A method is provided for generating a control command from a verbal statement that contains unrestricted phrasing and user-specific terms. The method includes the acts of: a) recording a voice command that has a multiplicity of words as an audio data stream by a recording device; b) sending of the audio data stream via a network to a first voice recognition device; c) reception of at least one data packet from the first voice recognition device, wherein the data packet contains information concerning which words in the audio data stream have not been recognized; d) at least partial recomition of the words that have not been recognized by the first voice recognition device by a second voice recognition device using at least one database; e compilation of the results from the first and second voice recognition devices to form a control command; and f) output of the control command.

Description

    CROSS REFERENCE TO RELATED APPLICATIONS
  • This application is a continuation of PCT International Application No. PCT/EP2014/078730, filed Dec. 19, 2014, which claims priority under 35 U.S.C. §119 from German Patent Application No. 10 2014 200 570.1, filed Jan. 15, 2014, the entire disclosures of which are herein expressly incorporated by reference.
  • BACKGROUND AND SUMMARY OF THE INVENTION
  • The invention relates to a method for generating a control command from a verbal statement and a system for performing a corresponding process.

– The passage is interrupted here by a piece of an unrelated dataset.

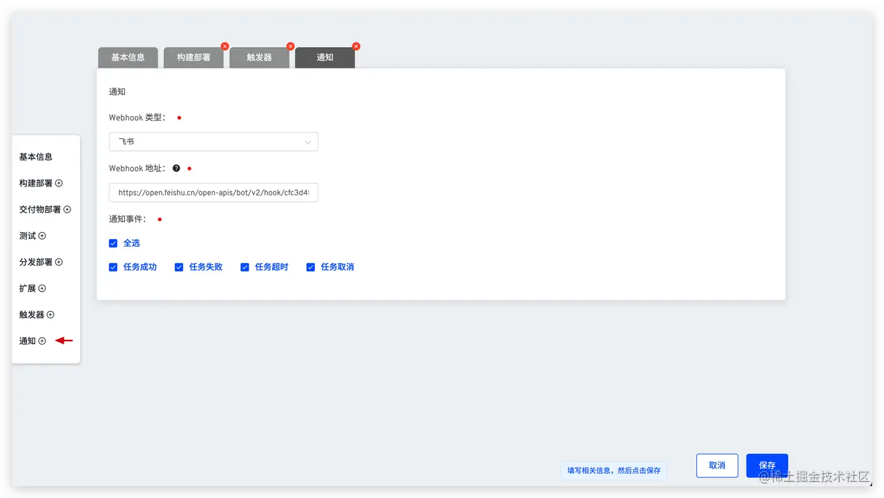 - 添加通知 -> 参考 IM 通知填写相关配置 -> 保存修改

  • Voice recognition systems voice dialogue systems simplify the operation of certain devices in that they facilitate a voice control of certain functions. This is of particular use in situations as with driving a vehicle, where a manual operation of the devices is not desired or permitted. For example, in a vehicle, a multi-media system, a navigation system or a hands-fee system or mobile phone can be operated by voice control.

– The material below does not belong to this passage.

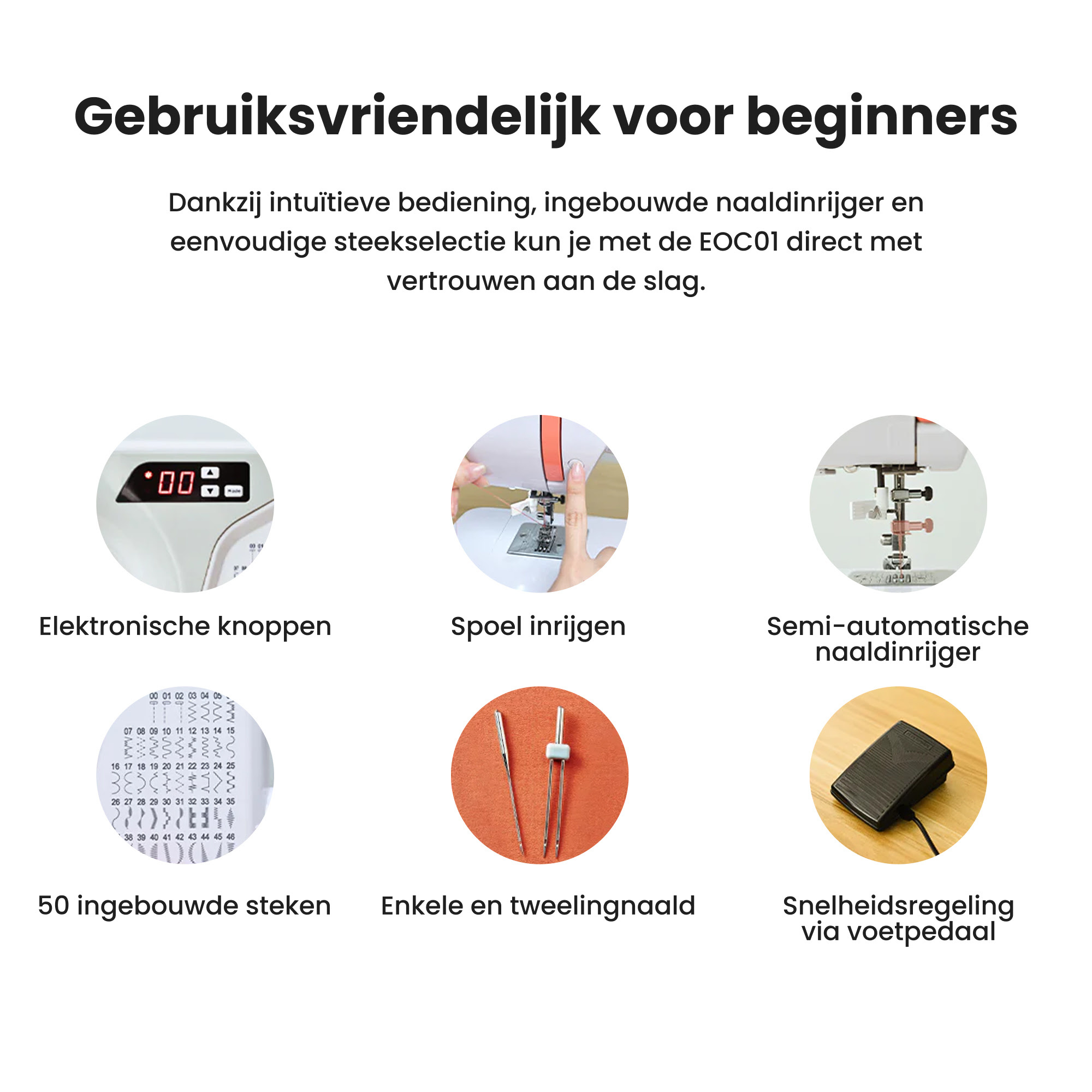 Stel je voor: projecten sneller afwerken zonder in te boeten op kwaliteit. Met vertrouwen aanpassingen uitvoeren, woondecoratie maken of handgemaakte cadeaus creëren die eruitzien alsof ze uit de winkel komen. Met de EOC01 behoren frustraties zoals verwarde draad en onregelmatige steken tot het verleden. Je verliest minder tijd aan zoeken naar oplossingen en wint meer tijd om creaties te maken waar je trots op bent.

  • For this purpose, there are embedded voice recognition systems or device-integrated voice dialogue systems, which can recognize and process a series of commands. These systems are available locally on the user's device (vehicle, mobile phone, or the like). However, because of a limited processing power of the local processing unit, unrestricted phrase voice commands often are not understood or require much processing time. The user often has to adapt to the command structure of the voice recognition system or adhere to a specified command syntax. Depending on the situation, there is also a high error rate.
  • To be able to state unrestricted voice commands, server-based voice recognition systems are used. To that end, the inputted phrase is sent to a voice recognition server, where it is processed with recognition software. In doing so, a higher available processing power and a larger volume of stored vocabulary facilitate greater accuracy. In this way, even colloquial or everyday phrases can be recognized and understood.
  • However, there are parts of statements that cannot be processed by a server-based voice recognition, or can be processed only poorly by server-based voice recognition. Parts of a statement that are not recognized, or only poorly recognized, may be in particular individual words that originate from a user-specific vocabulary. Examples of user-specific vocabulary are contacts in an address or phone book or titles in a music collection.
  • A solution for this problem is to allow the voice recognition server access to a database with the user data to be recognized (address book, music collection). The data can be available locally on a user's device (such as the onboard computer of a vehicle or a mobile phone, for example). The data can be loaded on the server and in this way made accessible to the server-based voice recognition system. This, however, presents a potential data protection problem if it is a user's private data. An encryption mechanism would be required for the transmission and storage of the data on the server to prevent third parties from accessing it. Furthermore, an increased data transmission volume is required to load large databases on the server and update them on a regular basis. This can be cost-intensive, in particular for systems attached via mobile phone.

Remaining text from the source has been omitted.